Title: Novel standardization methods for preprocessing multivariate data used in predictive modeling
Authors: Emily Grisanti - Robert Bosch GmbH, TU Freiberg (Germany) [presenting]
Matthias Otto - TU Bergakademie Freiberg (Germany)
Abstract: An essential part of multivariate analysis is the preprocessing of the data set, since most of the predictive models assume data to be standardized. This is why the Standard Normal Variate (SNV) transformation, which subtracts the mean value and divides it by the standard deviation sample by sample, has become very popular. For highly correlated data which are often found in the context of analytical measurement, e.g. vibrational spectroscopy, performing the SNV over the full spectral range is in some cases not sufficient for removing unwanted effects, e.g. influence of stray light.
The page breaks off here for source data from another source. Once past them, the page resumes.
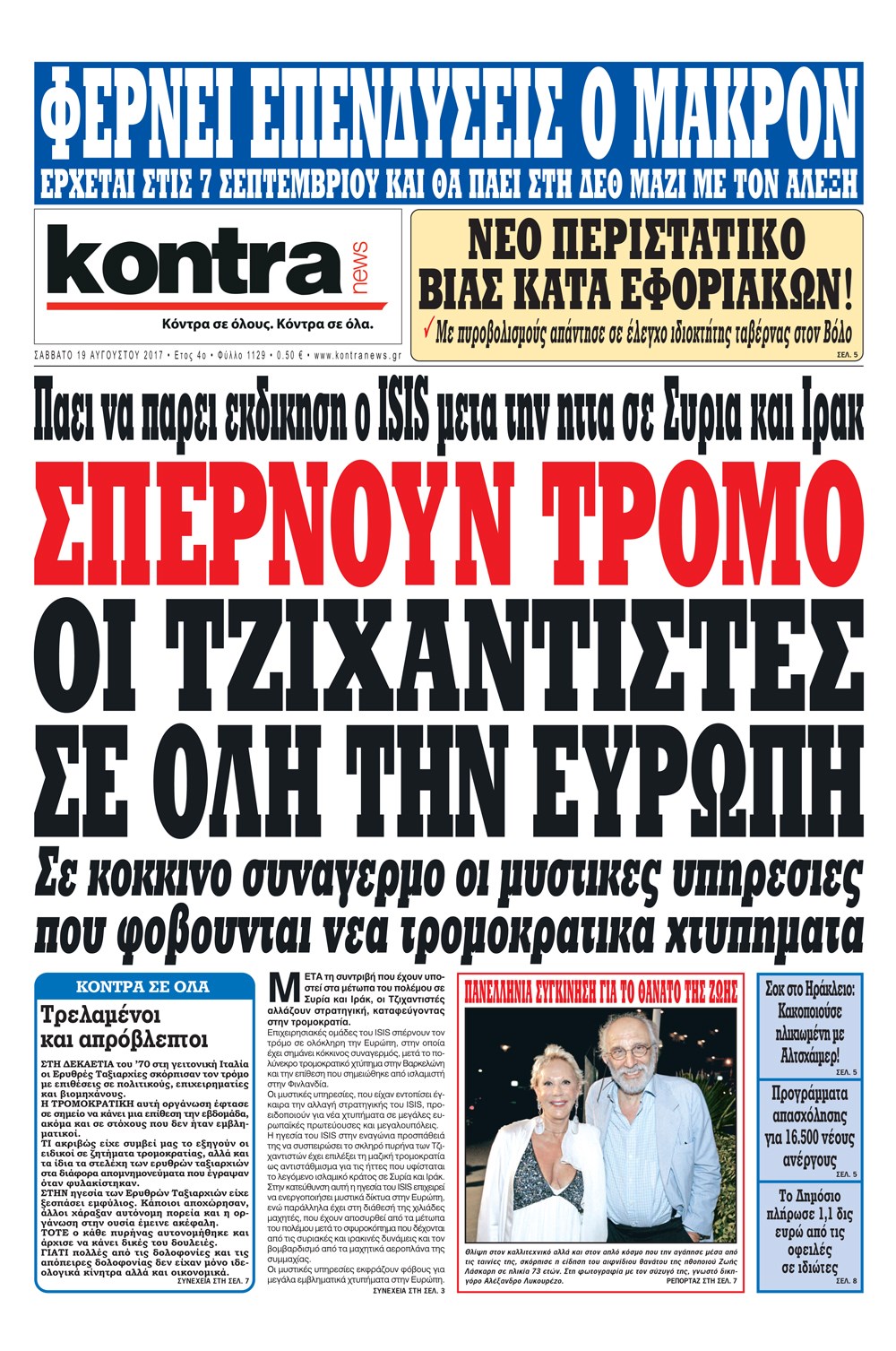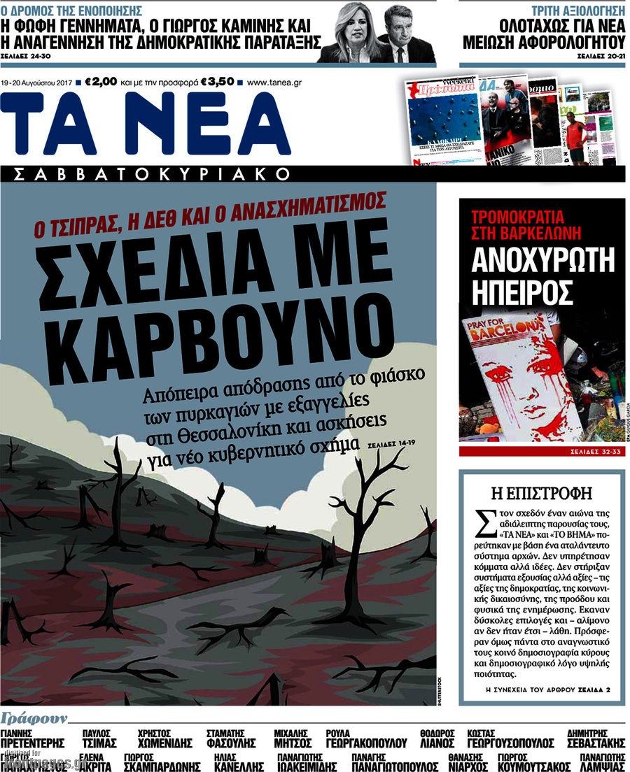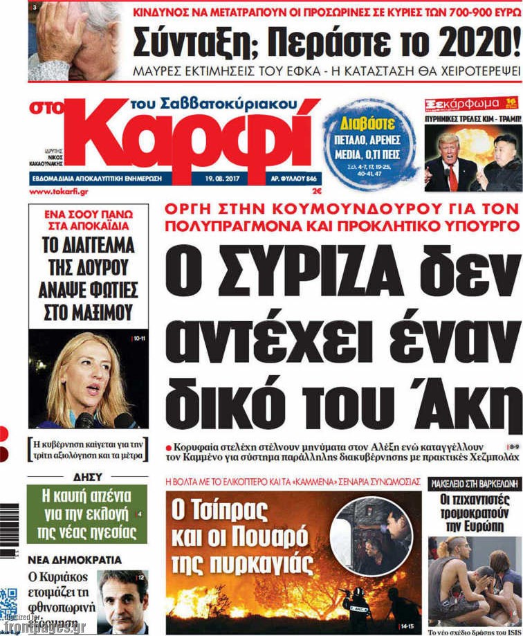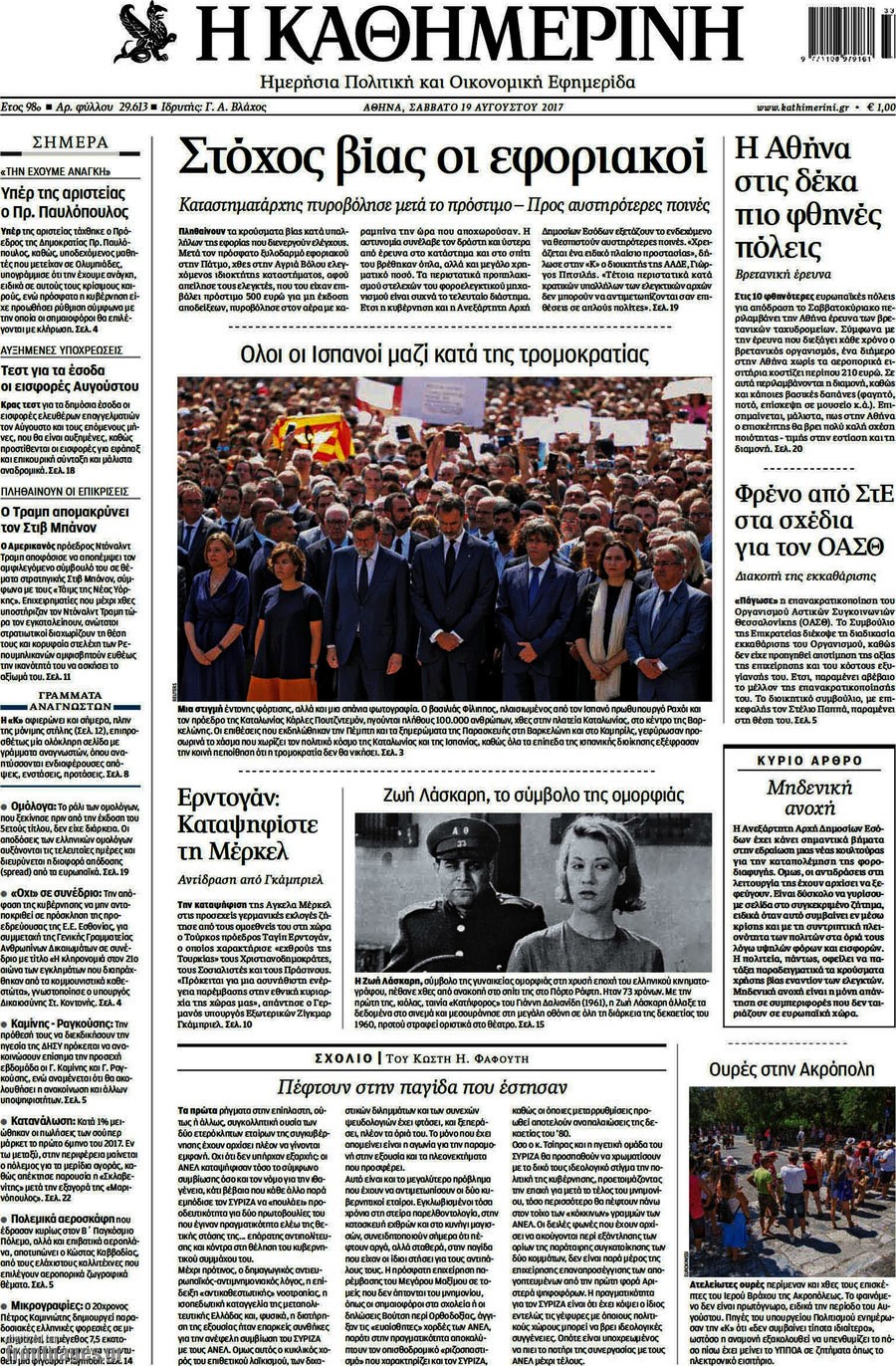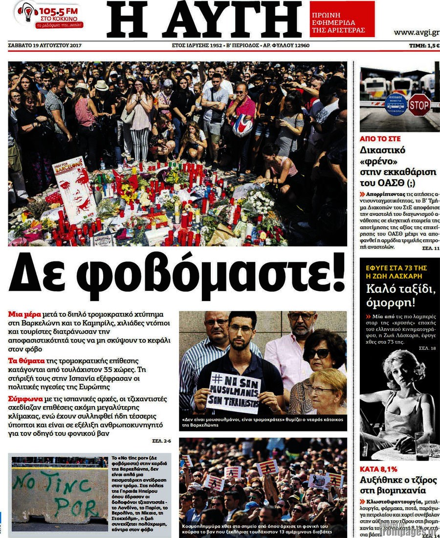 Οι πολιτικές εφημερίδες 19/8/2017 Enikos Newsroom 07:40, Σάββατο 19 Αυγούστου 2017 Media Διαβάστε τα σημερινά πρωτοσέλιδα των πολιτικών εφημερίδων: ΠΟΛΙΤΙΚΕΣ ΕΦΗΜΕΡΙΔΕΣ ΠΡΩΤΟΣΕΛΙΔΑ Μοιράσου το: σχολίασε κι εσύ (0 σχόλια) Ακολουθήστε το enikos.gr στο Google News και μάθετε πρώτοι όλες τις ειδήσεις Δείτε όλες τις τελευταίες ειδήσεις από την Ελλάδα και τον Κόσμο στο enikos.gr Ειδήσεις Ροή Ειδήσεων 3 ώρες πριν Χριστούγεννα στα μπλόκα: Επιμένουν στις κινητοποιήσεις τους οι αγρότες – Ανοίγουν τα διόδια το Σαββατοκύριακο 3 ώρες πριν Ουκρανία: Η άνευ προηγουμένου επίθεση σε ρωσικό τάνκερ στη Μεσόγειο και το μήνυμα προς στον Πούτιν – Το «μακρύ χέρι» του Κιέβου 3 ώρες πριν Πούτιν: Τα μηνύματα σε Ευρώπη και ΝΑΤΟ από το μαραθώνιο «σόου» του – Η απαίτηση για «σεβασμό» και η ειρήνη «με τους όρους» της Μόσχας 4 ώρες πριν Τραμπ: Δεν αποκλείει την πιθανότητα ενός πολέμου στη Βενεζουέλα – «Ο Μαδούρο ξέρει καλύτερα από τον καθένα τι ακριβώς θέλω» 4 ώρες πριν Συνεχίζει να προκαλεί ο Μίτσκοσκι: «Για μένα το όνομα Μακεδονία είναι ιερό» 3 ώρες πριν Ανακαλύφθηκαν αρχαία χρυσά νομίσματα 2.200 ετών που απεικονίζουν τον θεό Απόλλωνα – Η άγνωστη σύνδεση με τον Φίλιππο Β΄ της Μακεδονίας 4 ώρες πριν Ύπνος: Μια κρυφή κατάσταση του εγκεφάλου πριν από τον ύπνο μπορεί να είναι το “κλειδί” για υψηλή ευφυΐα και δημιουργικότητα 5 ώρες πριν Αριθμολογία: Οι άνθρωποι που έχουν γεννηθεί αυτές τις 4 ημερομηνίες, συχνά παρεξηγούνται – «Η καλοσύνη τους κρύβει τεράστια δύναμη» 6 ώρες πριν Ξεχάστε το καθάρισμα το Σαββατοκύριακο: Ο «κανόνας των 20 λεπτών» που θα σας λύσει τα χέρια 17 λεπτά πριν Euroleague: Επέστρεψε στις νίκες ο Ολυμπιακός, πήρε την ματσάρα της χρονιάς η Μπάρτσα – Τα αποτελέσματα και η βαθμολογία 32 λεπτά πριν Συρία: Μαζικά πλήγματα των ΗΠΑ σε θέσεις του Ισλαμικού Κράτους – Χέγκσεθ: «Δεν είναι αρχή πολέμου, είναι μια δήλωση εκδίκησης» για το θάνατο των στρατιωτών μας 45 λεπτά πριν Ουκρανία: Ολοκληρώθηκαν οι συνομιλίες με τους Αμερικανούς κι Ευρωπαίους διαπραγματευτές 1 ώρα πριν Μπαρτσελόνα – Μπασκόνια 134-124: Οι «μπλαουγκράνα» πήραν το ματς της χρονιάς ύστερα από τρεις παρατάσεις 1 ώρα πριν Φαίη Σκορδά: «Παλιότερα τα κομπλιμέντα τα προσπερνούσα, τώρα τα έχω ανάγκη» ENIKOS NETWORK Το ΕΚΑΒ τιμήθηκε από την Ακαδημία Αθηνών για τα 40 χρόνια προσφοράς του Έχετε πραγματικά μεγάλη καρδιά; 10 χαρακτηριστικά όσων έχουν καλοσύνη Αναστολή μέτρων αναγκαστικής εκτέλεσης για κτηνοτρόφους που πλήττονται από την ευλογιά των αιγοπροβάτων Πλήρης επάρκεια προϊόντων στις λαϊκές της Αττικής, παρά τις αγροτικές κινητοποιήσεις – Τι απαντούν οι πωλητές Χαρτογραφώντας το «σημείο χωρίς επιστροφή»: Για πρώτη φορά αποκαλύπτεται με λεπτομέρεια το ακανθώδες όριο της ατμόσφαιρας τ... Η Google καταργεί τη λειτουργία «dark web report» – Πώς θα μπορούν οι χρήστες να διαγράφουν τα δεδομένα τους περισσότερα 22:42 , Παρασκευή 19 Δεκεμβρίου 2025 Γιώργος Γιαννόπουλος για “Το σόι σου”: “Είναι ευτυχία και ευλογία αυτή η σειρά” «Είναι ευτυχία και ευλογία η συγκυρία αυτής της σειράς», θα πει ο Γιώργος Γιαννόπουλος -ο αγαπ... 20:37 , Παρασκευή 19 Δεκεμβρίου 2025 Don’t Forget The Lyrics: Η Έλλη Κοκκίνου υποδέχεται 4 παίκτες που θα κάνουν τα πάντα για να μη χάσουν ούτε… μισή λέξη από τους στίχους Το «Don’t Forget The Lyrics» επιστρέφει απόψε, Παρασκευή 19 Δεκεμβρίου, στις 21:00 με νέο επει... 19:31 , Παρασκευή 19 Δεκεμβρίου 2025 GNTM: Απόψε ο μεγάλος τελικός για τους 4 φιναλίστ Έπειτα από μήνες γεμάτους μόδα, 
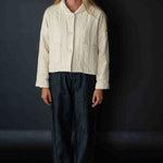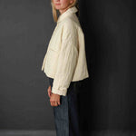 A natural ecru. This layered cotton has a jacquard weave that gives it a quilted look and feel.
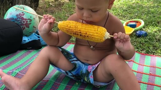 В Таиланде маленький ребёнок не будет голодный! Аппетитная кукуруза на пляже всегда идёт на ура 🌽
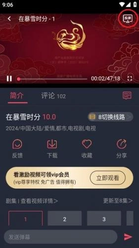 2. 找到准备投屏的视频并打开,接着点击视频界面右上角的“投屏”按键。
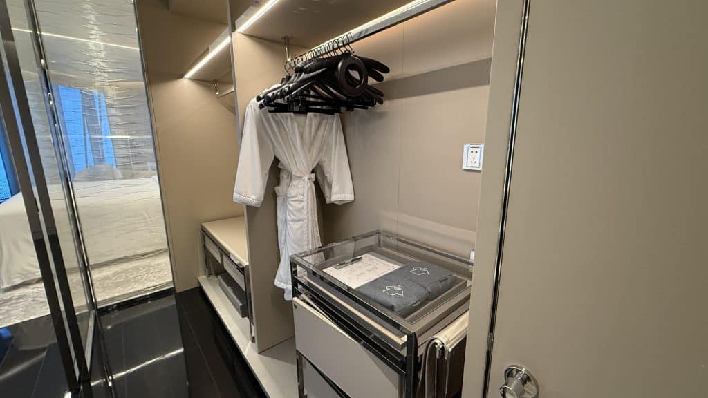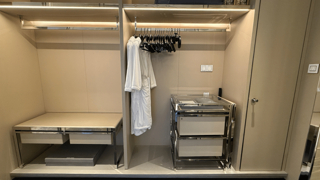 Der Ankleidebereich ist ansonsten zwar recht schmal, allerdings mit seinen offenen und wenigen geschlossenen Schränken zumindest mit regulärem Reisegepäck geräumig genug. Zwei bis drei Koffer kann man hier problemlos öffnen und findet zudem genug Hänge- und auch ein wenig Liegefläche vor.
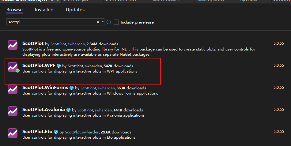 引入程序集ScottPlot.WPF,并添加UI元素WpfPlot,用以绘制图表
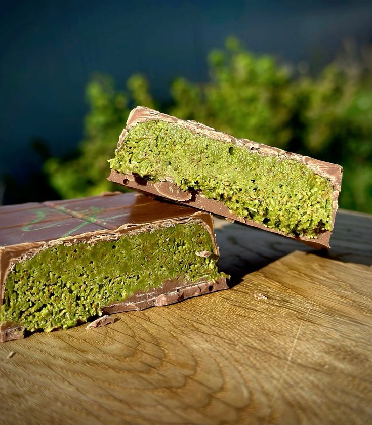 Речь идет о шоколадной плитке с начинкой из фисташковой пасты и теста катаифи. Хрустящая масса ярко-зеленого цвета оказалась неожиданным, но очень вкусным дополнением ко вкусу шоколада.
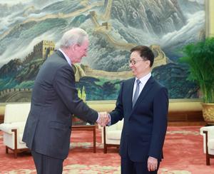 (250516) -- BEIJING, 16 mayo, 2025 (Xinhua) -- El vicepresidente chino, Han Zheng, se reúne con Richard Wagoner, presidente de...
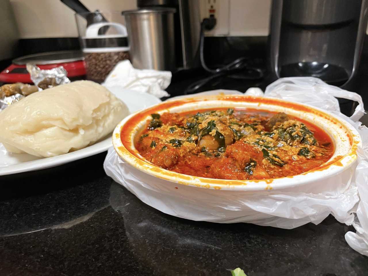 "Pounded Yam With Egusi Miami has very few African restaurants, which is all the more reason to support the ones we’ve got. And it’s easy to support a place like Moji, because the food here is great. Moji, a casual spot with a pool table and some counter seating, specializes in West African food. They don’t take orders over the phone, so I had to come in person to get my egusi with fufu (pounded yam) and jollof rice. Both were very tasty, but the egusi with pounded yam is definitely something I’ll be ordering again. Moji makes this stew very spicy, with hunks of braised meat, bell peppers, onion, spinach, and a big ball of fluffy pounded yam for dipping and absorbing." - ryan pfeffer, carlos c olaechea

Three different standardization methods are presented, that apply SNV to defined sequential windows rather than to the full spectrum: Dynamic Localized SNV (DLSNV), Peak SNV (PSNV) and Partial Peak SNV (PPSNV). DLSNV is an enhancement of the Localized SNV (LSNV), which allows a dynamic starting point of the localized windows on which the SNV is executed individually. Peak and Partial Peak SNV are based on the selection of ranges from the spectra that have a high correlation to the target value and perform SNV on these essential windows. The prediction errors of two regression models in chemical analytics are shown to be reduced by up to 16\% and 29\%, respectively, compared to LSNV.